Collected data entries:
◇ ◇ ◇ ◇ ◇

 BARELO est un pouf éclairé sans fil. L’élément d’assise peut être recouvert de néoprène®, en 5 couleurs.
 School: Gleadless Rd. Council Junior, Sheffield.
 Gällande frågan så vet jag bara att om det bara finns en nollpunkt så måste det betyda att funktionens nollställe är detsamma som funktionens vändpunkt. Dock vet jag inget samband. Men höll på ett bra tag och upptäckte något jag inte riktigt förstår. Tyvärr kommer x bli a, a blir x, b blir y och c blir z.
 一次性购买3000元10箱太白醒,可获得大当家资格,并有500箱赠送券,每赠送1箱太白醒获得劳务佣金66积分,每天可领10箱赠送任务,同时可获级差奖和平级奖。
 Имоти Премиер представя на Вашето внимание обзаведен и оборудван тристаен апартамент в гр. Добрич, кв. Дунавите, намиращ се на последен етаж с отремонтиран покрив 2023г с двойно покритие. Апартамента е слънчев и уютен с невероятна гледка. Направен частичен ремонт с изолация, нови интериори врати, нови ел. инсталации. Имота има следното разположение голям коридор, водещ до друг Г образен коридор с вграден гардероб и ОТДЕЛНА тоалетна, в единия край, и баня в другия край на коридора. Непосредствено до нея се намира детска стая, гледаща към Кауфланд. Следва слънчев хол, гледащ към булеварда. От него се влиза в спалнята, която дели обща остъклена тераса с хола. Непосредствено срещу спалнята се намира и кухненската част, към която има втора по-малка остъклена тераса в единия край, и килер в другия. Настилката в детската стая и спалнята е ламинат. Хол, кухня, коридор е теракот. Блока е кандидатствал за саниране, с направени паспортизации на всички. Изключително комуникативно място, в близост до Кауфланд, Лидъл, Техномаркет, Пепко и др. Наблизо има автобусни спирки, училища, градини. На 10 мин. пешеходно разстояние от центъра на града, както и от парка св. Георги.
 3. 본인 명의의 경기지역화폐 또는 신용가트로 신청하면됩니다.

◇ ◇ ◇ ◇ ◇

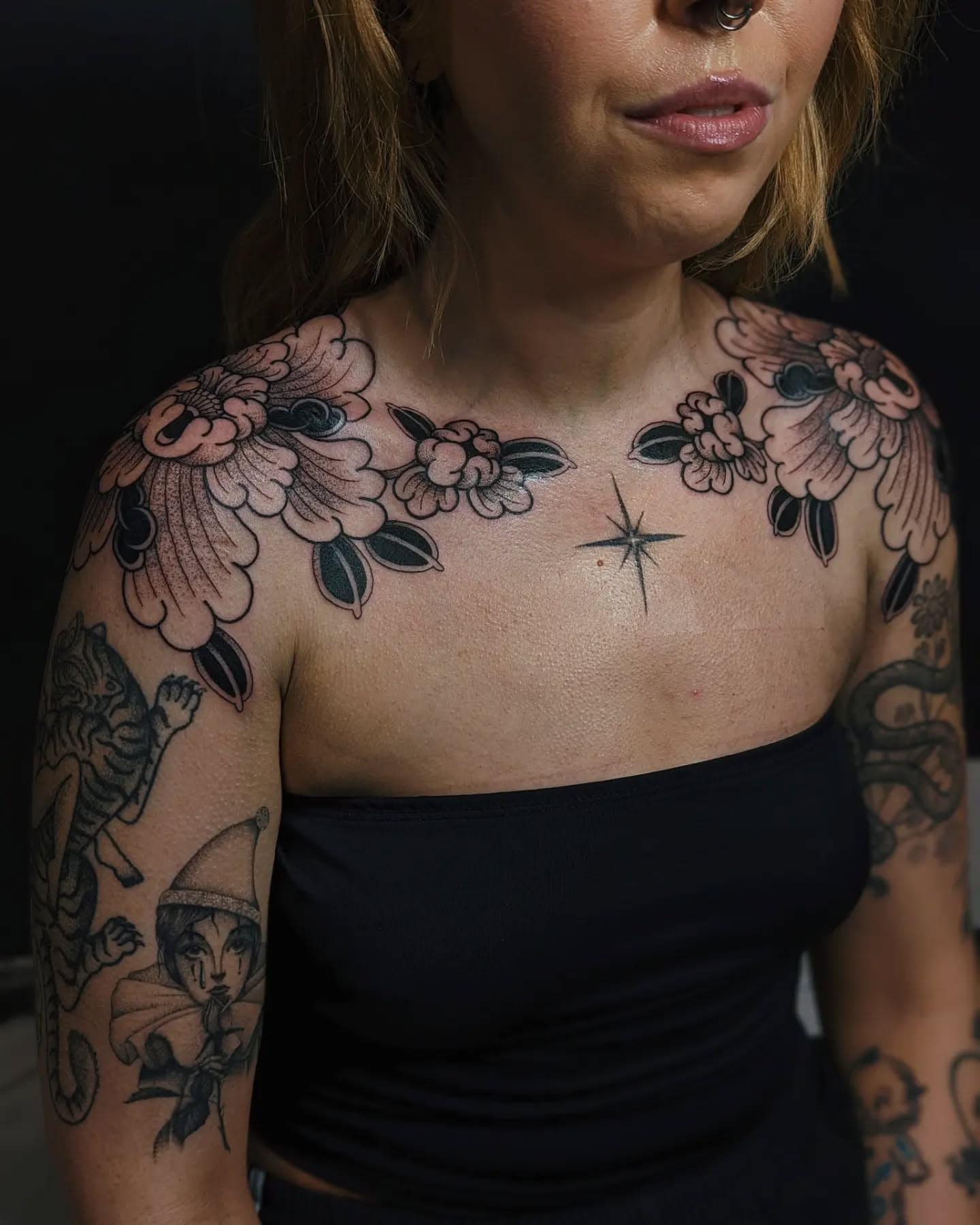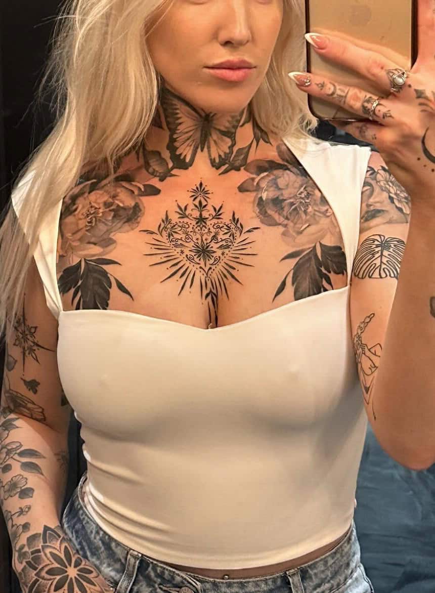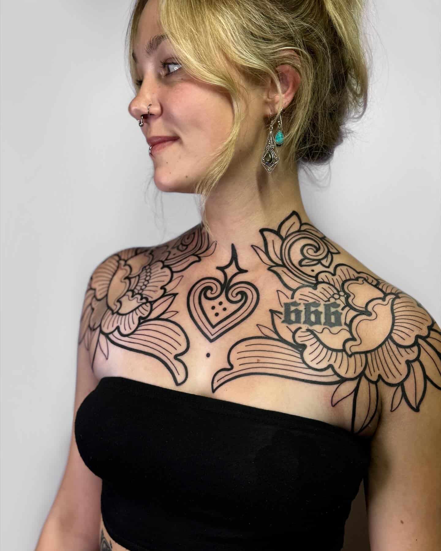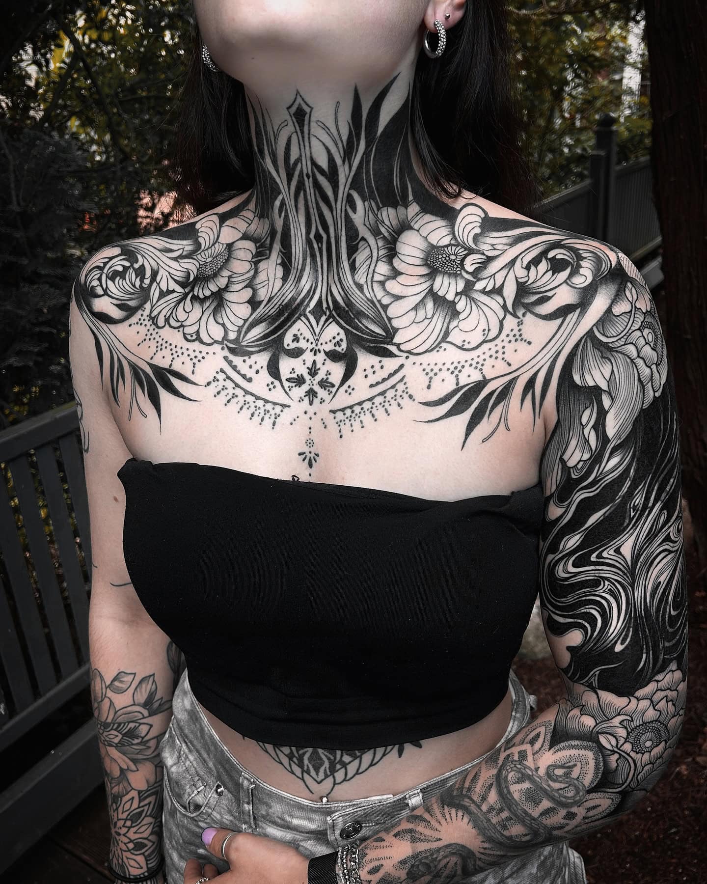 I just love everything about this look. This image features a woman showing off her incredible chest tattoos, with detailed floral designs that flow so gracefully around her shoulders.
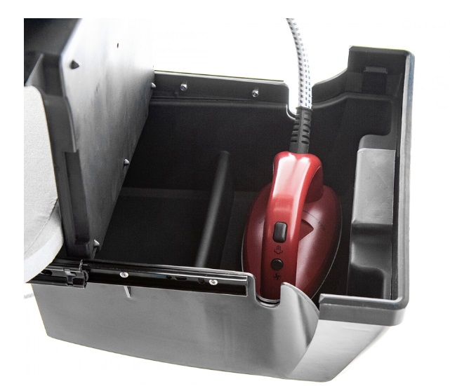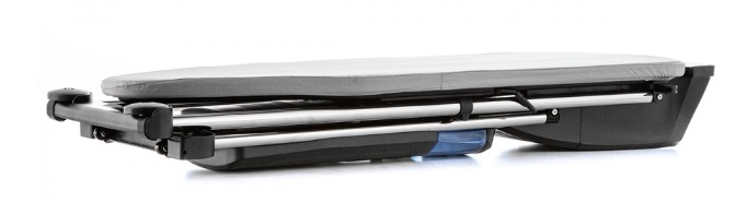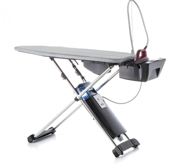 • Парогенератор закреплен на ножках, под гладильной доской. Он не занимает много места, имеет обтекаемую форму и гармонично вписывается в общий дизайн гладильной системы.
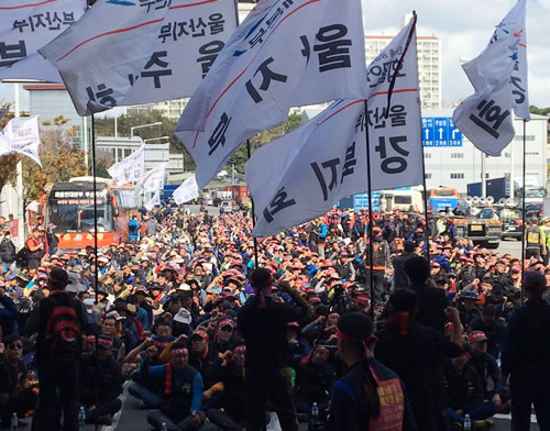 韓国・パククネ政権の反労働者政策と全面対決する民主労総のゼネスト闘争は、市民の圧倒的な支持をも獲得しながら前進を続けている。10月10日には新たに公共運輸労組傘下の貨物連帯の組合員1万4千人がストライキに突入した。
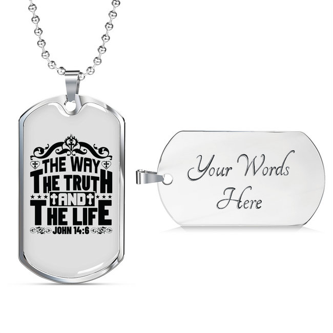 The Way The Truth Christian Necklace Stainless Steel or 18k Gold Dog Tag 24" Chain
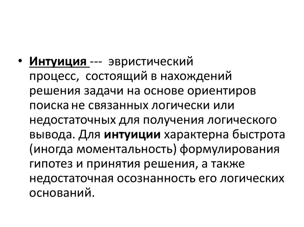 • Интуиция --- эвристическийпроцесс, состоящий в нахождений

◇ ◇ ◇ ◇ ◇

** EXERCISE **
From the records above, copy only the lines starting with the line that holds "BARELO est un" and going on through the line that holds "School: Gleadless Rd.", exactly as written.

** EXPECTED ANSWER **
 BARELO est un pouf éclairé sans fil. L’élément d’assise peut être recouvert de néoprène®, en 5 couleurs.
 School: Gleadless Rd. Council Junior, Sheffield.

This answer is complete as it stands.